The Honorable Russ Feingold

United States Senator
Wisconsin
September 28, 2010


Senate Judiciary Committee
Hearing on "Restoring Key Tools to Combat Fraud and Corruption After the Supreme Court's Skilling Decision"
Tuesday, September 28, 2010

Statement of U.S. Senator Russell D. Feingold


Tackling corruption by public officials and large corporations remains one of Congress's most important and most difficult tasks. Bribery, embezzlement, and kickbacks are all illegal and relatively easy to identify, but there are many other types of corruption that we all know are wrong that are more elusive. I am talking about deals where it is clear that government officials are using their power and influence to benefit themselves, or a spouse or a business partner, but there is no money that changes hands. This type of undisclosed self-dealing, particularly when it is done by public officials, undermines people's faith in their government and destroys the integrity of our democracy. When corporate executives engage in this sort of deceptive behavior, it can have a destabilizing effect on the market, which can ultimately lead to financial ruin for the employees and shareholders who are dependent on companies like Enron, Tyco, or Worldcom for their livelihoods and their retirement funds.

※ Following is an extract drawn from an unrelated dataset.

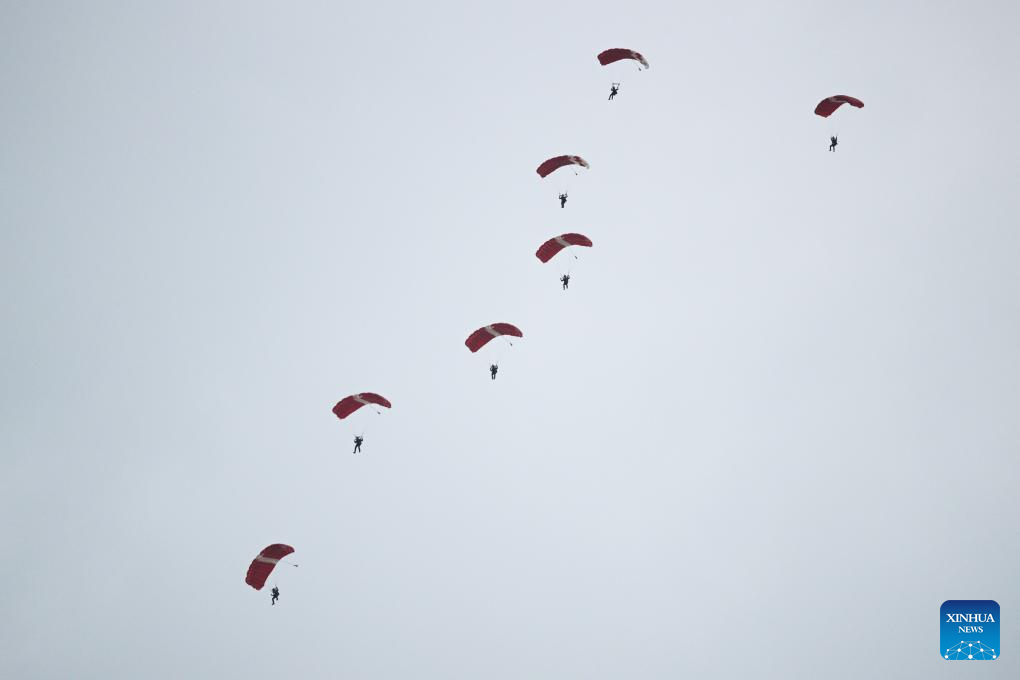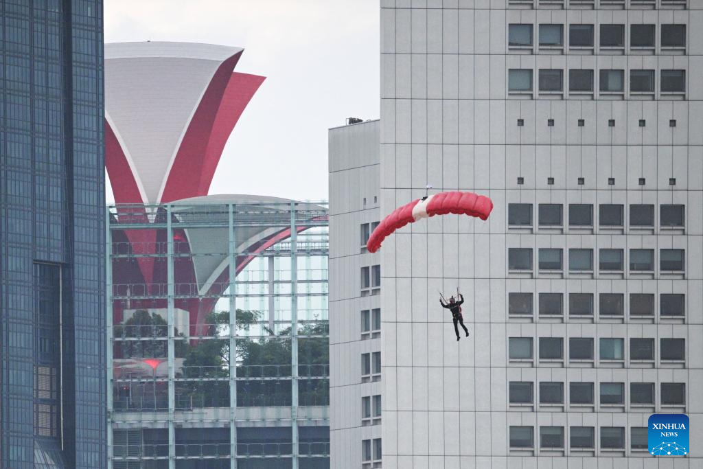 Skydivers of "Red Lions" team perform during the National Day Parade at Padang near the Marina Bay in Singapore on Aug. 9, 2024. Singapore held a parade on Friday to celebrate the 59th anniversary of independence and the 40th anniversary of the "Total Defense" policy at Padang, an open field near the iconic Marina Bay. (Photo by Then Chih Wey/Xinhua)

Congress has been struggling to get this area of the law right for decades, and in 1988 it created a new category of fraud called honest services fraud. This past June, the Supreme Court struck a devastating blow to this area of the law when it handed down a decision that involved the former CEO of Enron, Jeffrey Skilling. Skilling was accused of participating in a scheme to deceive investors about Enron's financial position, but the Court said the law was not specific enough for Skilling to have notice that this was criminal conduct. The Court said that honest services fraud can only apply to bribes and kickbacks, not self-dealing.

As a result of this case, it is now no longer enough to show that a mayor accepted lavish gifts, tickets to sporting events, and expensive meals from someone bidding on a development contract with the city. A prosecutor now must show a direct quid pro quo relationship between these meals and gifts and a decision to award a contract to that individual in order to prove bribery. This is often a very difficult element to prove, and as expected, this decision has had a chilling effect on the number of corruption prosecutions that have been filed in the last year. Over the last several months, we have also seen a wave of challenges to existing convictions and requests for reconsideration of sentences. We need to act quickly to close the large loophole that the Court created. This type of fraudulent behavior should not go unpunished merely because it is more devious, more sophisticated, or more complex than a simple bribe or kickback.

I have been working closely with Chairman Leahy and other members of the Committee on this issue, and I am pleased that we seem to be getting closer to reaching an agreement on an appropriate fix that addresses the concerns raised by the Court. I look forward to continuing this collaboration in the coming months so that we can restore the Department of Justice's ability to prosecute this type of fraudulent conduct.